## Raw data
##########
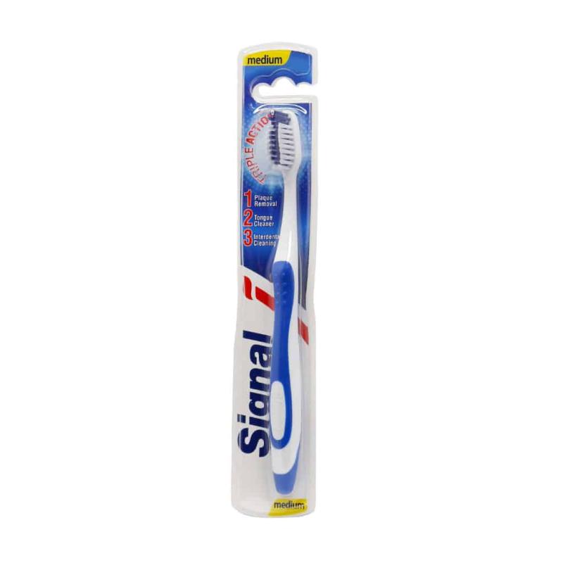مسواک سه کاره سیگنال مدل تریپل اکشن با برس متوسطی که دارد، به راحتی به دندانهای عقبی دسترسی پیدا می کند. با استفاده از مسواک سه کاره سیگنال می توانید به راحتی لا به لای دندانها و پشت دندانها را مسواک بزنید تا کاملا از مواد اضافی پاک شوند. برس مسواک سه کاره سیگنال از الیاف لطیف و نرم ساخته شده است و هیچ آسیبی به دندانها و لثه ها وارد نمی کند.
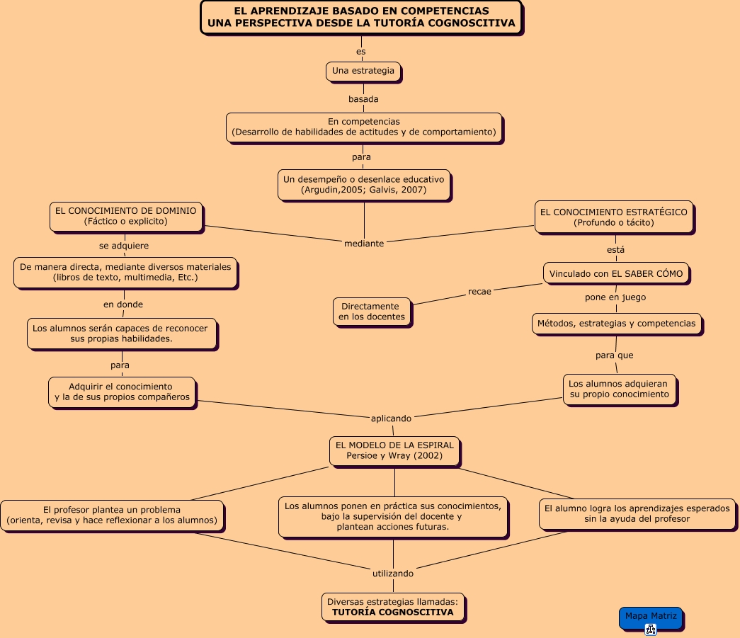 Este Cmap, tiene información relacionada con: M-4 EL APRENDIZAJE BASADO EN COMPETENCIAS, El profesor plantea un problema (orienta, revisa y hace reflexionar a los alumnos) utilizando Diversas estrategias llamadas: TUTORÍA COGNOSCITIVA, En competencias (Desarrollo de habilidades de actitudes y de comportamiento) para Un desempeño o desenlace educativo (Argudin,2005; Galvis, 2007), EL MODELO DE LA ESPIRAL Persioe y Wray (2002) ???? El alumno logra los aprendizajes esperados sin la ayuda del profesor, Un desempeño o desenlace educativo (Argudin,2005; Galvis, 2007) mediante EL CONOCIMIENTO DE DOMINIO (Fáctico o explicito), Métodos, estrategias y competencias para que Los alumnos adquieran su propio conocimiento, El profesor plantea un problema (orienta, revisa y hace reflexionar a los alumnos) utilizando Los alumnos ponen en práctica sus conocimientos, bajo la supervisión del docente y plantean acciones futuras., Adquirir el conocimiento y la de sus propios compañeros aplicando EL MODELO DE LA ESPIRAL Persioe y Wray (2002), Un desempeño o desenlace educativo (Argudin,2005; Galvis, 2007) mediante EL CONOCIMIENTO ESTRATÉGICO (Profundo o tácito), EL CONOCIMIENTO DE DOMINIO (Fáctico o explicito) se adquiere De manera directa, mediante diversos materiales (libros de texto, multimedia, Etc.), EL MODELO DE LA ESPIRAL Persioe y Wray (2002) ???? Los alumnos ponen en práctica sus conocimientos, bajo la supervisión del docente y plantean acciones futuras., EL APRENDIZAJE BASADO EN COMPETENCIAS UNA PERSPECTIVA DESDE LA TUTORÍA COGNOSCITIVA es Una estrategia, Los alumnos serán capaces de reconocer sus propias habilidades. para Adquirir el conocimiento y la de sus propios compañeros, EL CONOCIMIENTO ESTRATÉGICO (Profundo o tácito) está Vinculado con EL SABER CÓMO, El profesor plantea un problema (orienta, revisa y hace reflexionar a los alumnos) utilizando El alumno logra los aprendizajes esperados sin la ayuda del profesor, Adquirir el conocimiento y la de sus propios compañeros aplicando Los alumnos adquieran su propio conocimiento, EL MODELO DE LA ESPIRAL Persioe y Wray (2002) ???? El profesor plantea un problema (orienta, revisa y hace reflexionar a los alumnos), Una estrategia basada En competencias (Desarrollo de habilidades de actitudes y de comportamiento), Vinculado con EL SABER CÓMO recae Directamente en los docentes, Vinculado con EL SABER CÓMO pone en juego Métodos, estrategias y competencias, De manera directa, mediante diversos materiales (libros de texto, multimedia, Etc.) en donde Los alumnos serán capaces de reconocer sus propias habilidades.
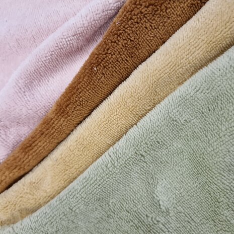 Deze heerlijk zachte en warme stof is een waardevolle toevoeging aan onze collectie. De bamboe-katoenen fleece is verkrijgbaar in diverse kleuren en heeft een bijzondere afwerking: de ene zijde heeft een zachte fleece-/veloursstructuur, terwijl de andere kant een bijpassende (baby)badstofachtige uitstraling heeft.
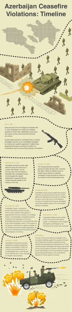 During the 44-day war, Armenia and Azerbaijan first reached a ceasefire agreement brokered by Russia. The humanitarian ceasefire that was to start on October 10 was violated by Azerbaijan on the same day.
##########
The result should be the full listing, retyped exactly and free of pictures.

مسواک سه کاره سیگنال مدل تریپل اکشن با برس متوسطی که دارد، به راحتی به دندانهای عقبی دسترسی پیدا می کند. با استفاده از مسواک سه کاره سیگنال می توانید به راحتی لا به لای دندانها و پشت دندانها را مسواک بزنید تا کاملا از مواد اضافی پاک شوند. برس مسواک سه کاره سیگنال از الیاف لطیف و نرم ساخته شده است و هیچ آسیبی به دندانها و لثه ها وارد نمی کند.
 Este Cmap, tiene información relacionada con: M-4 EL APRENDIZAJE BASADO EN COMPETENCIAS, El profesor plantea un problema (orienta, revisa y hace reflexionar a los alumnos) utilizando Diversas estrategias llamadas: TUTORÍA COGNOSCITIVA, En competencias (Desarrollo de habilidades de actitudes y de comportamiento) para Un desempeño o desenlace educativo (Argudin,2005; Galvis, 2007), EL MODELO DE LA ESPIRAL Persioe y Wray (2002) ???? El alumno logra los aprendizajes esperados sin la ayuda del profesor, Un desempeño o desenlace educativo (Argudin,2005; Galvis, 2007) mediante EL CONOCIMIENTO DE DOMINIO (Fáctico o explicito), Métodos, estrategias y competencias para que Los alumnos adquieran su propio conocimiento, El profesor plantea un problema (orienta, revisa y hace reflexionar a los alumnos) utilizando Los alumnos ponen en práctica sus conocimientos, bajo la supervisión del docente y plantean acciones futuras., Adquirir el conocimiento y la de sus propios compañeros aplicando EL MODELO DE LA ESPIRAL Persioe y Wray (2002), Un desempeño o desenlace educativo (Argudin,2005; Galvis, 2007) mediante EL CONOCIMIENTO ESTRATÉGICO (Profundo o tácito), EL CONOCIMIENTO DE DOMINIO (Fáctico o explicito) se adquiere De manera directa, mediante diversos materiales (libros de texto, multimedia, Etc.), EL MODELO DE LA ESPIRAL Persioe y Wray (2002) ???? Los alumnos ponen en práctica sus conocimientos, bajo la supervisión del docente y plantean acciones futuras., EL APRENDIZAJE BASADO EN COMPETENCIAS UNA PERSPECTIVA DESDE LA TUTORÍA COGNOSCITIVA es Una estrategia, Los alumnos serán capaces de reconocer sus propias habilidades. para Adquirir el conocimiento y la de sus propios compañeros, EL CONOCIMIENTO ESTRATÉGICO (Profundo o tácito) está Vinculado con EL SABER CÓMO, El profesor plantea un problema (orienta, revisa y hace reflexionar a los alumnos) utilizando El alumno logra los aprendizajes esperados sin la ayuda del profesor, Adquirir el conocimiento y la de sus propios compañeros aplicando Los alumnos adquieran su propio conocimiento, EL MODELO DE LA ESPIRAL Persioe y Wray (2002) ???? El profesor plantea un problema (orienta, revisa y hace reflexionar a los alumnos), Una estrategia basada En competencias (Desarrollo de habilidades de actitudes y de comportamiento), Vinculado con EL SABER CÓMO recae Directamente en los docentes, Vinculado con EL SABER CÓMO pone en juego Métodos, estrategias y competencias, De manera directa, mediante diversos materiales (libros de texto, multimedia, Etc.) en donde Los alumnos serán capaces de reconocer sus propias habilidades.
 Deze heerlijk zachte en warme stof is een waardevolle toevoeging aan onze collectie. De bamboe-katoenen fleece is verkrijgbaar in diverse kleuren en heeft een bijzondere afwerking: de ene zijde heeft een zachte fleece-/veloursstructuur, terwijl de andere kant een bijpassende (baby)badstofachtige uitstraling heeft.
 During the 44-day war, Armenia and Azerbaijan first reached a ceasefire agreement brokered by Russia. The humanitarian ceasefire that was to start on October 10 was violated by Azerbaijan on the same day.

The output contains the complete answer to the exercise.